As workers in the space industry look for ways to turn their talents into Earthbound jobs, one group has gone from mapping Mars to re-creating faces of the dearly departed.

They’ve formed a company called LookLikes that is creating three-dimensional images of the deceased to be placed on grave markers. The images cost about $1,000, and the scanning devices the funeral homes will use to help make them are expected to be available for leasing starting in October.

“I feel we can take the aura of the cemetery to a new dimension,” said Craig Nolan, business administrator and engineer placement for LookLikes. “I think the baby boomers are of a different mindset than past generations, and this is something they will embrace.”

The idea was born after Michael Shulman, managing partner of nonprofit Emerging Growth Institute, gave several presentations to aerospace workers about how to use their space industry skills in private enterprise.

Shulman encouraged brainstorming sessions to generate ideas, from which the headstone plan emerged.

“Technically the system we designed is not based on existing technology, but new technology,” said Shulman, who has taken on the role of science officer with LookLikes. “Rather than a flat surface model typical of Mars or Moon topographical results, ours produces a round space.

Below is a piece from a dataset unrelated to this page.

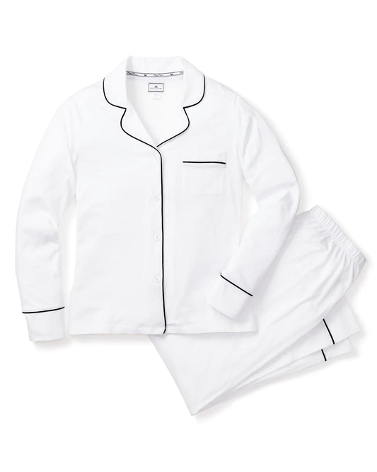 Luxe Pima Cotton White Classic Pajamas with Black Piping
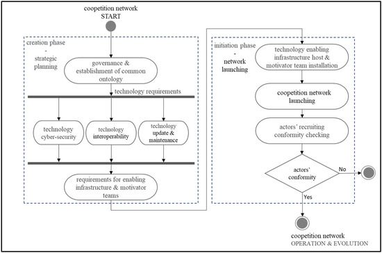 The initiation stage of coopetition networks for value co-creation is the starting phase. It can be subdivided into creation and initiation phases, each with distinct objectives and activities (Figure 2).

The space program is flat – ours has hills and valleys.”

The device and finished product has been shown to local funeral directors and has been mostly well received.

“Families today are looking for more ways to memorialize their loved one through personalization,” said Tracy Huggins, director of operations for Baldwin-Fairchild Cemeteries, Funeral Homes and Crematory.

Funeral directors will lease the scanner, and the image will be sent to a manufacturing facility.

The scanner records the deceased’s face by using multiple lasers that fire at the same time, and a computer stores the three-dimensional image.

The image is sent into a model-making machine that produces the form in a weather- and sun-resistant polymer-based material.

A consultant has developed a bonding agent specifically for headstones.

Patents are being sought for the image technique, polymer-based material and bonding agent.

The research was funded by the workers themselves.

Although LookLikes has made eight finished headstones, they are waiting until the National Funeral Directors Association in October in Chicago before officially marketing their work.

Early publicity about the headstones has already prompted some unusual calls, including a request for the image of a cat that’s been done.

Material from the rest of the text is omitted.